(Records from a dataset)
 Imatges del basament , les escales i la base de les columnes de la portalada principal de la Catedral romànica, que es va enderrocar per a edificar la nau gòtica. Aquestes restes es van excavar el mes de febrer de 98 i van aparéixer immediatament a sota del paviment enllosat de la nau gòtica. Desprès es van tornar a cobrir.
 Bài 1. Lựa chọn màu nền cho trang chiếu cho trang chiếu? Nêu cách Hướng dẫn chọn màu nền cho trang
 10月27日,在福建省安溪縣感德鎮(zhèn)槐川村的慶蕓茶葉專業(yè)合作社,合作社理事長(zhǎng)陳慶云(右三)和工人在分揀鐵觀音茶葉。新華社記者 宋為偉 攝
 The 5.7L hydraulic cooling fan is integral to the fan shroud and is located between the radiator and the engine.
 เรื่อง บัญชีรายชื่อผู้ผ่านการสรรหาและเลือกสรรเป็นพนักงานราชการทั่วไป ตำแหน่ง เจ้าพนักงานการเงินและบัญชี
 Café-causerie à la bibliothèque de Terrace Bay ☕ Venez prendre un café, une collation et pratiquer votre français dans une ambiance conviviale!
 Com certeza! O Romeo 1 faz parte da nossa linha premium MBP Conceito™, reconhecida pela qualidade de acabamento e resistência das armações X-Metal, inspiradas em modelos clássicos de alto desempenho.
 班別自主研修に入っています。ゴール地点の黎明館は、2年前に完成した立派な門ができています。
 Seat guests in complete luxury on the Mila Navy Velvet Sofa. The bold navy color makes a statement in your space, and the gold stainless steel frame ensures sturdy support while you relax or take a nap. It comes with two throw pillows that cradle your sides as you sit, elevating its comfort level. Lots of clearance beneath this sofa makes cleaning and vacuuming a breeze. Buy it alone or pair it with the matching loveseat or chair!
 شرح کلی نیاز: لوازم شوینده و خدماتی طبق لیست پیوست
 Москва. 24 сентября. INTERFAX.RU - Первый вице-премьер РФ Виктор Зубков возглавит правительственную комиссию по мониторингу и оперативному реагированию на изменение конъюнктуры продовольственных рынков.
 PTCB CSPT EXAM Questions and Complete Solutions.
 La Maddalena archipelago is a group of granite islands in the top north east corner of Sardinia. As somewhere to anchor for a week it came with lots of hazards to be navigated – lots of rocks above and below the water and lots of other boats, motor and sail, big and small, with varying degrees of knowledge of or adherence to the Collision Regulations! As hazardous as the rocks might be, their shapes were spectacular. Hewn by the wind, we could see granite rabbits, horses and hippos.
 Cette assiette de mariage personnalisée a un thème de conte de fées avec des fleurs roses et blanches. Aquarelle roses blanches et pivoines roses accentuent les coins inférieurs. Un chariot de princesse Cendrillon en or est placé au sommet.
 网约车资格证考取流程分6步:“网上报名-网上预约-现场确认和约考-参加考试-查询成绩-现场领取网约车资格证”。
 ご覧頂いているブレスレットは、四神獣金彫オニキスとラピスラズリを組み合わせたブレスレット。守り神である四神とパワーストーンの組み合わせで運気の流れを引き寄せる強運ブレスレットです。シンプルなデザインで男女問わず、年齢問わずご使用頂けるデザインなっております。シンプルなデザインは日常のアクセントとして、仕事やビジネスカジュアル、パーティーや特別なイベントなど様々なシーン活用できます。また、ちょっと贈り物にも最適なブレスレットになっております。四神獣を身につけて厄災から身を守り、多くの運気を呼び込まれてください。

Problem statement:
Return each line of the data exactly as written above.

Answer to this problem:
 Imatges del basament , les escales i la base de les columnes de la portalada principal de la Catedral romànica, que es va enderrocar per a edificar la nau gòtica. Aquestes restes es van excavar el mes de febrer de 98 i van aparéixer immediatament a sota del paviment enllosat de la nau gòtica. Desprès es van tornar a cobrir.
 Bài 1. Lựa chọn màu nền cho trang chiếu cho trang chiếu? Nêu cách Hướng dẫn chọn màu nền cho trang
 10月27日,在福建省安溪縣感德鎮(zhèn)槐川村的慶蕓茶葉專業(yè)合作社,合作社理事長(zhǎng)陳慶云(右三)和工人在分揀鐵觀音茶葉。新華社記者 宋為偉 攝
 The 5.7L hydraulic cooling fan is integral to the fan shroud and is located between the radiator and the engine.
 เรื่อง บัญชีรายชื่อผู้ผ่านการสรรหาและเลือกสรรเป็นพนักงานราชการทั่วไป ตำแหน่ง เจ้าพนักงานการเงินและบัญชี
 Café-causerie à la bibliothèque de Terrace Bay ☕ Venez prendre un café, une collation et pratiquer votre français dans une ambiance conviviale!
 Com certeza! O Romeo 1 faz parte da nossa linha premium MBP Conceito™, reconhecida pela qualidade de acabamento e resistência das armações X-Metal, inspiradas em modelos clássicos de alto desempenho.
 班別自主研修に入っています。ゴール地点の黎明館は、2年前に完成した立派な門ができています。
 Seat guests in complete luxury on the Mila Navy Velvet Sofa. The bold navy color makes a statement in your space, and the gold stainless steel frame ensures sturdy support while you relax or take a nap. It comes with two throw pillows that cradle your sides as you sit, elevating its comfort level. Lots of clearance beneath this sofa makes cleaning and vacuuming a breeze. Buy it alone or pair it with the matching loveseat or chair!
 شرح کلی نیاز: لوازم شوینده و خدماتی طبق لیست پیوست
 Москва. 24 сентября. INTERFAX.RU - Первый вице-премьер РФ Виктор Зубков возглавит правительственную комиссию по мониторингу и оперативному реагированию на изменение конъюнктуры продовольственных рынков.
 PTCB CSPT EXAM Questions and Complete Solutions.
 La Maddalena archipelago is a group of granite islands in the top north east corner of Sardinia. As somewhere to anchor for a week it came with lots of hazards to be navigated – lots of rocks above and below the water and lots of other boats, motor and sail, big and small, with varying degrees of knowledge of or adherence to the Collision Regulations! As hazardous as the rocks might be, their shapes were spectacular. Hewn by the wind, we could see granite rabbits, horses and hippos.
 Cette assiette de mariage personnalisée a un thème de conte de fées avec des fleurs roses et blanches. Aquarelle roses blanches et pivoines roses accentuent les coins inférieurs. Un chariot de princesse Cendrillon en or est placé au sommet.
 网约车资格证考取流程分6步:“网上报名-网上预约-现场确认和约考-参加考试-查询成绩-现场领取网约车资格证”。
 ご覧頂いているブレスレットは、四神獣金彫オニキスとラピスラズリを組み合わせたブレスレット。守り神である四神とパワーストーンの組み合わせで運気の流れを引き寄せる強運ブレスレットです。シンプルなデザインで男女問わず、年齢問わずご使用頂けるデザインなっております。シンプルなデザインは日常のアクセントとして、仕事やビジネスカジュアル、パーティーや特別なイベントなど様々なシーン活用できます。また、ちょっと贈り物にも最適なブレスレットになっております。四神獣を身につけて厄災から身を守り、多くの運気を呼び込まれてください。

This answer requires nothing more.